Trikes on the Roof of the World

Ex-local and climber, Paul Pritchard is trying to raise funds for an epic journey across the Himalaya on a recumbant tricycle. Paul rose to fame in climbing cirlces during the late 1980’s and early 1990’s, when he put up a few new bold and ultra serious routes across North Wales and the World.

Paul wrote at the time for On The Edge magazine, and many of his articles were touched up and put inside his first book ‘Deep Play’, which showcased his extreme life as a rock climber and mountaineer. He was one of my motivations for climbing when I started out, reading his account of the slate and north wales, made me move to Bangor, where I have lived everysince. One of the most moving pieces from this book was ‘A Game, One Climber Played’, which was a very evocative account of a near death experience Paul had when he fell of the route, Games Climbers Play in Wen Zawn at Gogarth. If you haven’t read this book then I advise you to do so.

It was nothing short of a miracle that he survived, but he went onto to climb hard again, and travelled the world on a trip with his then partner Celia Bull. During this trip Paul again had a brush with death, when he pulled a block off onto his head on the Totem Pole in Tasmania. The epic build up and recovery from this horrific accident is captured in his second book ‘The Totem Pole’.

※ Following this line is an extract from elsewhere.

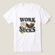 Bold skeleton in a hammock under Work Sucks text; vibrant palette, cheeky office humor, ideal for casual tees and gift-oriented apparel.

This accident left him with similar disabilities to a stroke victim, in that one side of his body is partially paralyse. This has never seemed to put him off from challenging himself, and has climbed Kilimanjairo with another disabled mountaineer Jamie Andrew.

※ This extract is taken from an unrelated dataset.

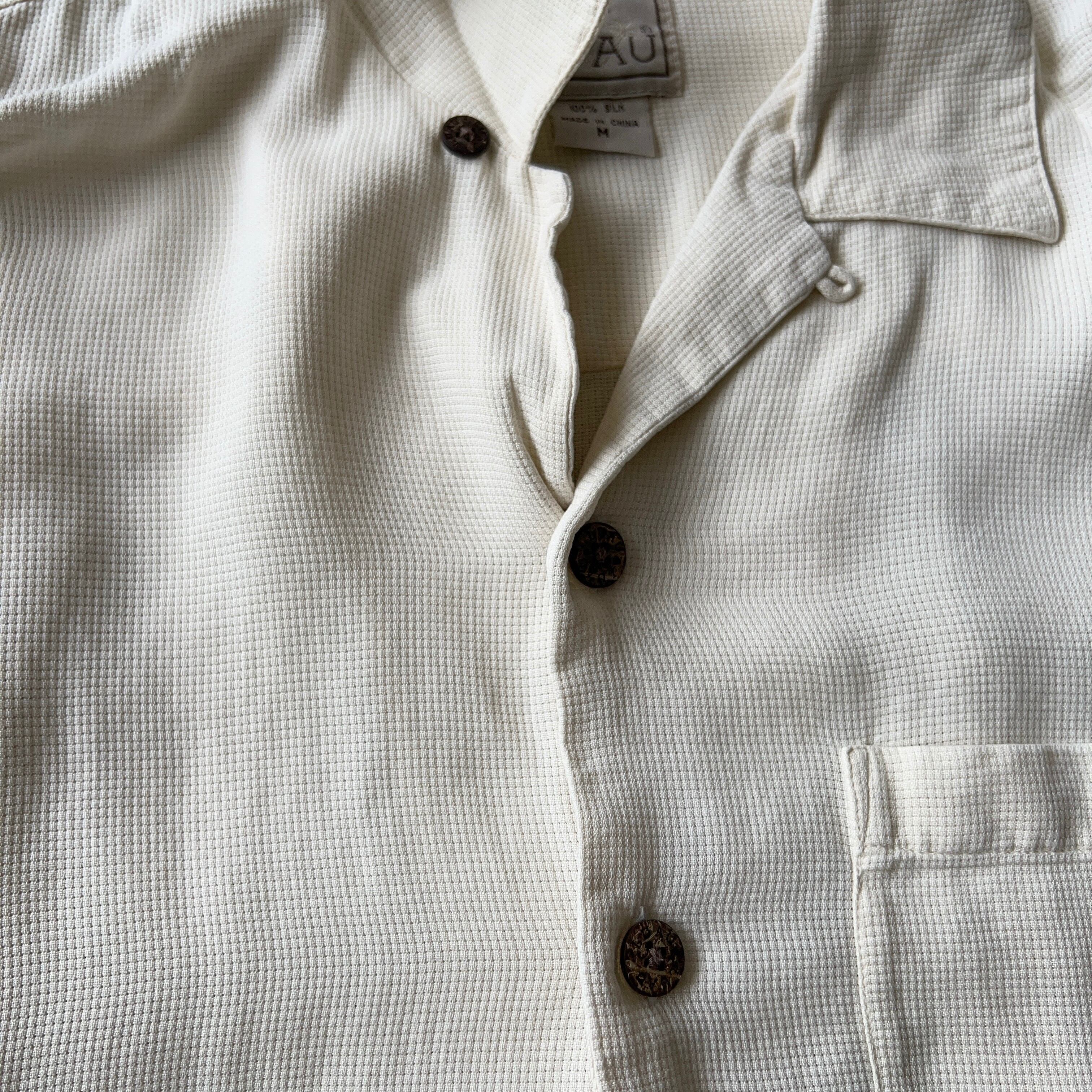 LUAU のシルク素材のきめ細かなワッフル生地 開襟半袖シャツになります。

More recently he has been climbing again, and Hot Aches made a short film about his ‘Return to the Rainbow’, and emotional return for paul to a slab where he established a few very hard routes. In this film he followed Johnny Dawes up an E1 on the slab, and a few years back I went to see it premiere in the Fricsan with live narration from Paul. read the post here

Anyway Paul’s latest challenge is to cycle 1100km along the ‘Friendship Highway’, he is looking for support on this website, and they hope to make a documentary about the journey, to help motivate other disabled people to get out there and explore what is still possible. If you can spare a few quid, I am sure he would appreciate it.